- [Your task]: Write out only the lines from the line that holds "10Used once. Clean, disinfected, like" to the end of the listing below, inclusive, with the pictures omitted.

- [Available data]:
"""

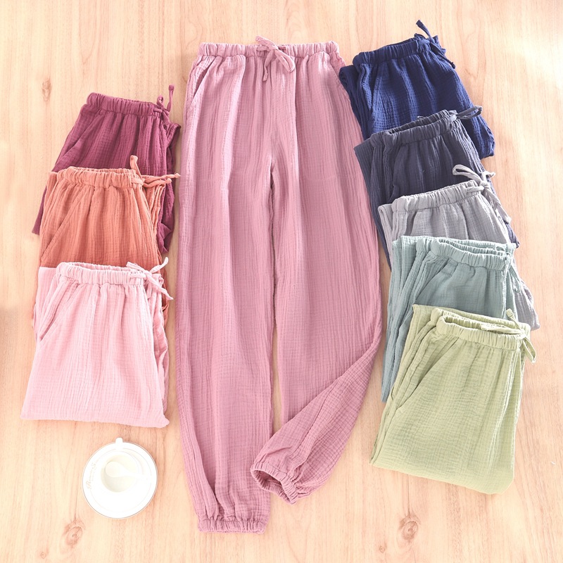 春夏カップルの薄い綿二重ガーゼの睡眠ズボンの女性の口のちりめんのズボンの綿の家庭の男性の純色のポケット
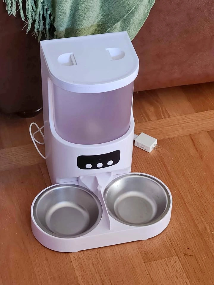 10Used once. Clean, disinfected, like new. Received as a gift but don’t need it. Works perfectly. Great for 2 cats or dogs. Features: 4L food capacity, feeds pets automatically Dual tray for 2 pets at the same time 1080P HD camera with night vision 2-way audio to see and talk to your pets Smart app control via 5G & 2.4GHz WiFi Easy to clean and set up
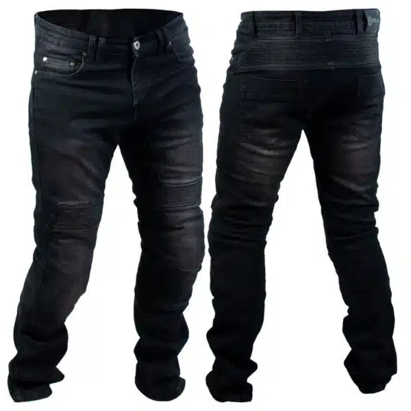Timelessin kestävät, mustavat kevlarfarkut CE-hyväksytyillä polvisuojilla ovat kuin luodut kesäisiin ajopäiviin. Kankaassa mukana käyttömukavuutta lisäävää stretchiä.

"""

- [Result of the exercise]:
 10Used once. Clean, disinfected, like new. Received as a gift but don’t need it. Works perfectly. Great for 2 cats or dogs. Features: 4L food capacity, feeds pets automatically Dual tray for 2 pets at the same time 1080P HD camera with night vision 2-way audio to see and talk to your pets Smart app control via 5G & 2.4GHz WiFi Easy to clean and set up
Timelessin kestävät, mustavat kevlarfarkut CE-hyväksytyillä polvisuojilla ovat kuin luodut kesäisiin ajopäiviin. Kankaassa mukana käyttömukavuutta lisäävää stretchiä.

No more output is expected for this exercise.